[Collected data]
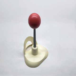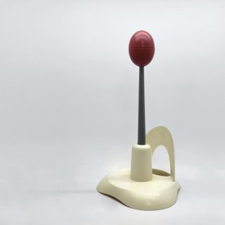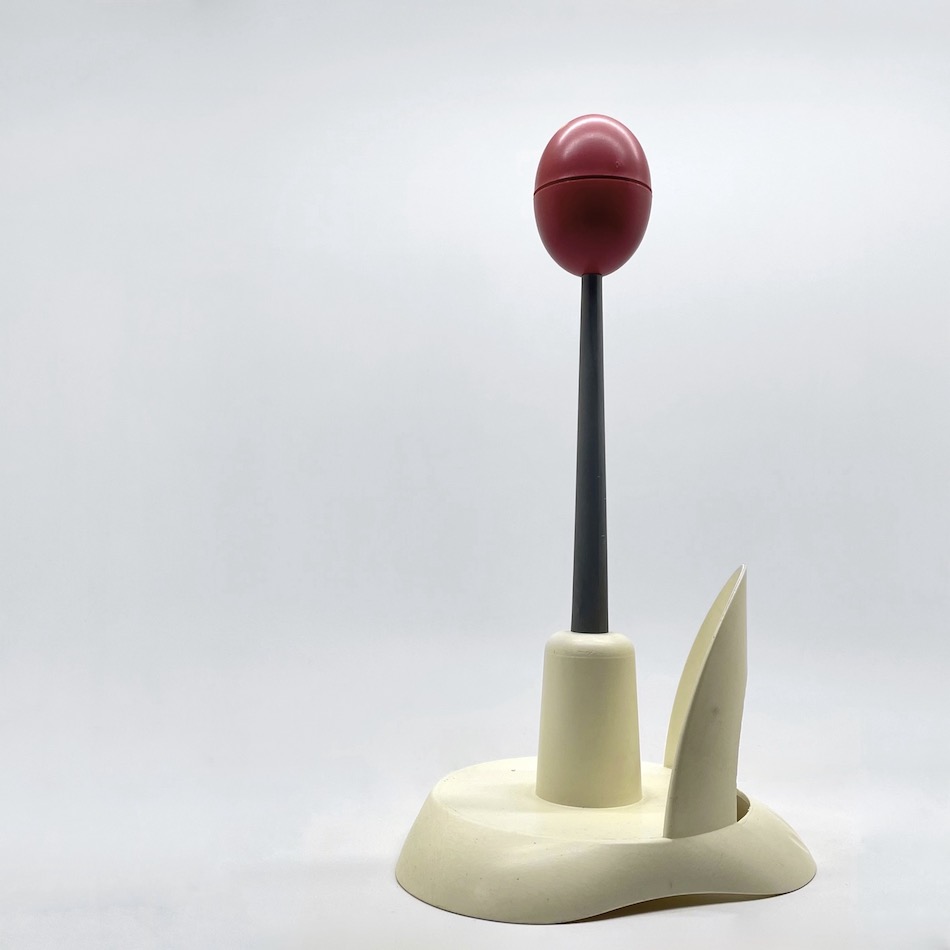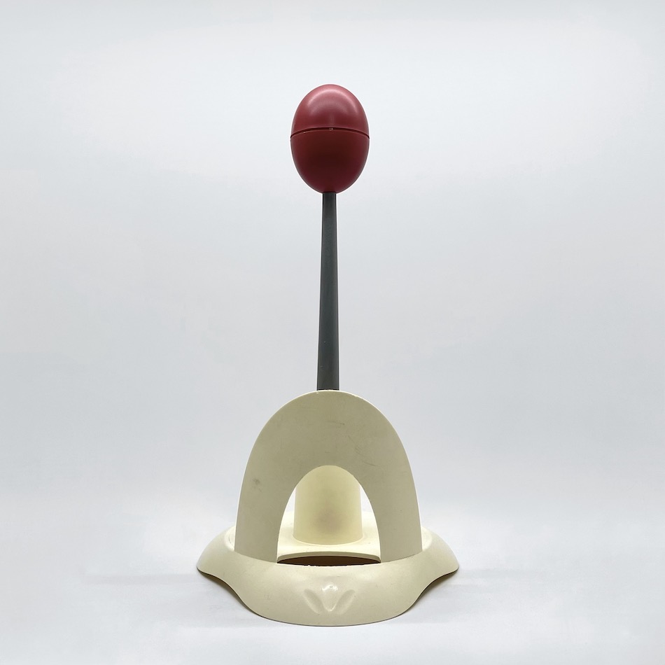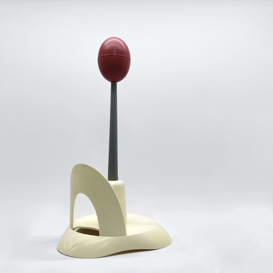 カーブを描くベースから伸びる支柱、そしてトップの赤い卵型がアクセントとなり、蕾を携えた花の様なシルエットは日用品にありながらオブジェの様な雰囲気も持つイタリアンビンテージプロダクトです。
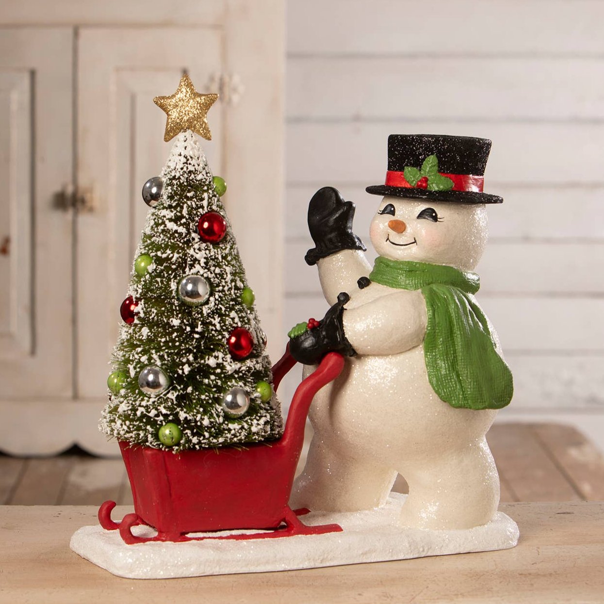 This Frosty pushing sled is out for the day showing off his beautiful Christmas tree. Frosty is wearing a black glittered top hat with a metallic red band and a green scarf.
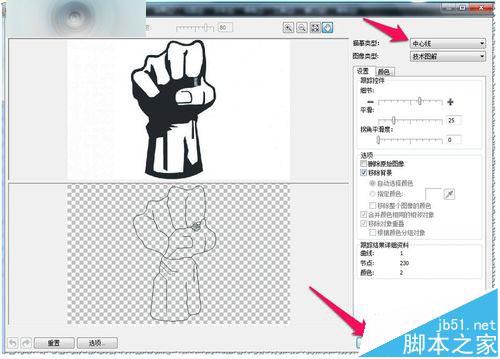 3、进入临摹的对话框——选择中心线,如果对默认的效果,满意就点确定。如图
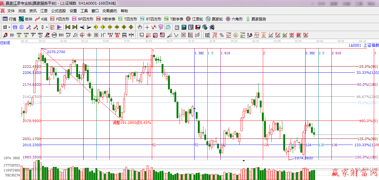 ☆依據贏家江恩系統極反通道提示:大盤收盤破位生命線,量能較昨日略有放大,依據規則,倉位降至3-5成,謹慎為主。
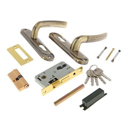 Замок врезной с ручками. Предназначен для установки в деревянные двери толщиной до 40мм, правого и левого открывания. Дверь может быть закрыта на защелку и открыта с помощью фалевой ручки при открытом засове замка. Прямоугольный ригель, вылет 16мм. Универсальная защелка. Стальной корпус, покрытие эмаль. Межосевое расстояние 50мм. Удаление ключевого отверстия 40мм. Гальваническое покрытие ручек, материал алюминий. Механизм секрета с нестандартной (минги) высотой профиля, длина ц/м 68 мм, ключ-ключ, 5 ключей,цвет цилиндра - латунь.
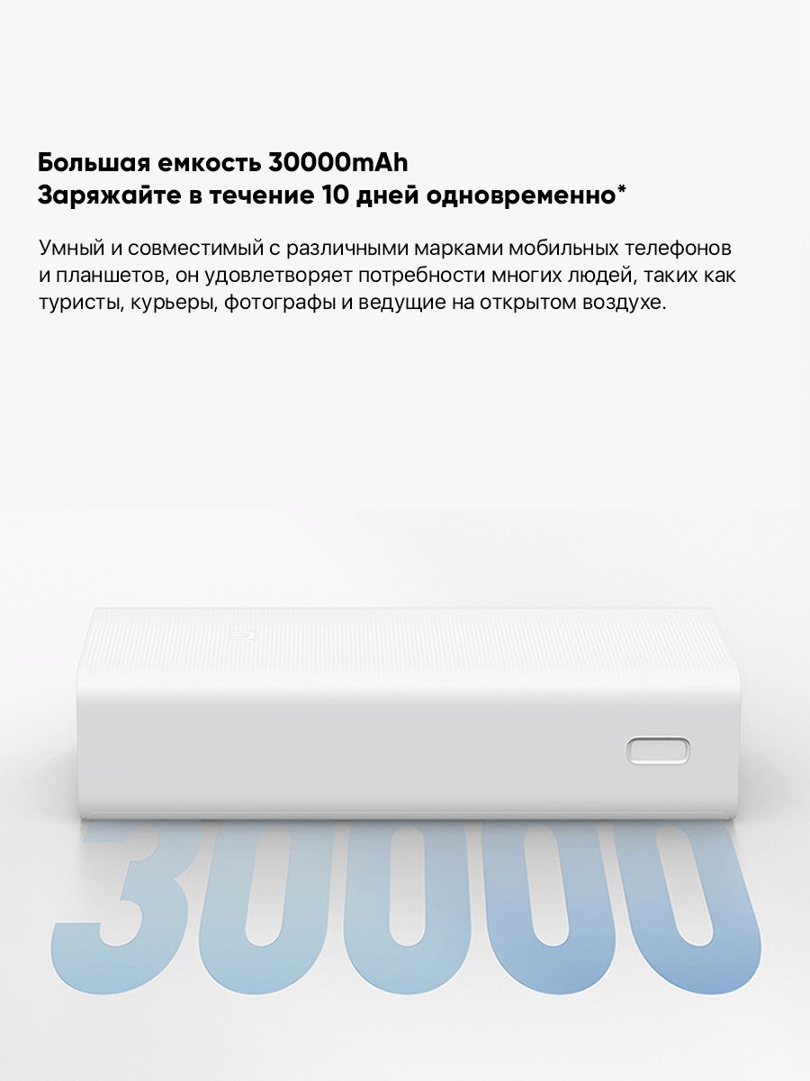 Купить Xiaomi Mi Power Bank 3 - Мощный и надежный внешний аккумулятор на 30000mAh (белый)

> Problem details
The answer must consist of the entries above, reproduced word for word, without any pictures.

> Result
 カーブを描くベースから伸びる支柱、そしてトップの赤い卵型がアクセントとなり、蕾を携えた花の様なシルエットは日用品にありながらオブジェの様な雰囲気も持つイタリアンビンテージプロダクトです。
 This Frosty pushing sled is out for the day showing off his beautiful Christmas tree. Frosty is wearing a black glittered top hat with a metallic red band and a green scarf.
 3、进入临摹的对话框——选择中心线,如果对默认的效果,满意就点确定。如图
 ☆依據贏家江恩系統極反通道提示:大盤收盤破位生命線,量能較昨日略有放大,依據規則,倉位降至3-5成,謹慎為主。
 Замок врезной с ручками. Предназначен для установки в деревянные двери толщиной до 40мм, правого и левого открывания. Дверь может быть закрыта на защелку и открыта с помощью фалевой ручки при открытом засове замка. Прямоугольный ригель, вылет 16мм. Универсальная защелка. Стальной корпус, покрытие эмаль. Межосевое расстояние 50мм. Удаление ключевого отверстия 40мм. Гальваническое покрытие ручек, материал алюминий. Механизм секрета с нестандартной (минги) высотой профиля, длина ц/м 68 мм, ключ-ключ, 5 ключей,цвет цилиндра - латунь.
 Купить Xiaomi Mi Power Bank 3 - Мощный и надежный внешний аккумулятор на 30000mAh (белый)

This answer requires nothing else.